This module focuses advancing your capability to deliver highly innovative engineering solutions and high-performance engineering solutions through systems-based design. The module integrates analytical modelling, simulation tools and performance evaluation to improve your ability to deliver technically rigorous decisions across mechanical and multidisciplinary systems. We emphasise optimisation, manufacturability and evidence-based design validation. By using collaborative project work the module will strengthen your ability to translate complex engineering challenges into robust, efficient and commercially viable mechanical solutions.
This module delivers training that will enable you to develop advanced understanding of robotics, machine learning and artificial intelligence. Key aspects of this broad portfolio include, integrating perception, control, optimisation and intelligent decision-making. During the module you will explore mathematical and computational foundations including kinematics and dynamics and motion planning. We cement this classroom learning with supervised and unsupervised laboratory practical work. This practical work involves algorithm development and system simulation using industry-standard tools. By the end of the module, you will have a keen understanding of how to complete performance evaluation and system integration within automated engineering environments.
This module is focused on developing the tools required to examine solid mechanics through rigorous analytical and computational modelling. This will enable you to evaluate structural behaviour under complex loading using classical theory and Finite Element Analysis (FEA). The module emphases the critical path that is placed on systematic problem-solving, performance optimisation and modelling integrity in advanced mechanical systems. Upon completion of the module, you will have developed the expertise required to integrate simulation into high-level design processes, ensuring structural efficiency and reliability in demanding engineering applications.

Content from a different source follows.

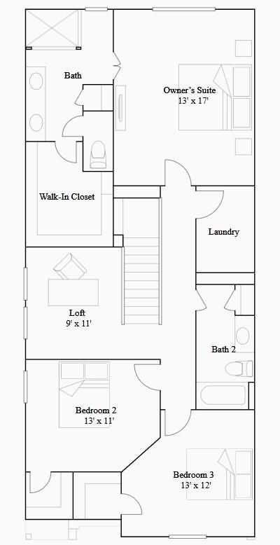 Second FloorBedroom:13x11Bedroom 2:13x12Extra Room:9x11Utility Room:2nd

A key outcome of this module is the ability to analyse thermodynamic and fluid dynamic processes within modern energy and high-performance mechanical systems. You will gain experience in evaluating heat transfer, combustion and renewable technologies using industry relevant analytical and computational approaches. During the module emphasis is placed on system efficiency, environmental performance and optimisation of power-producing devices, this enables you to strengthen your ability to assess and enhance complex thermal systems within advanced engineering environments.
The MSc Project is a substantial independent investigation that allows you to explore a complex engineering challenge in depth. Working with academic supervision, you will integrate knowledge from across your programme to deliver a rigorous piece of research, design or technical development. The project strengthens analytical capability, independent thinking and professional communication skills, preparing you for advanced industry roles or doctoral study.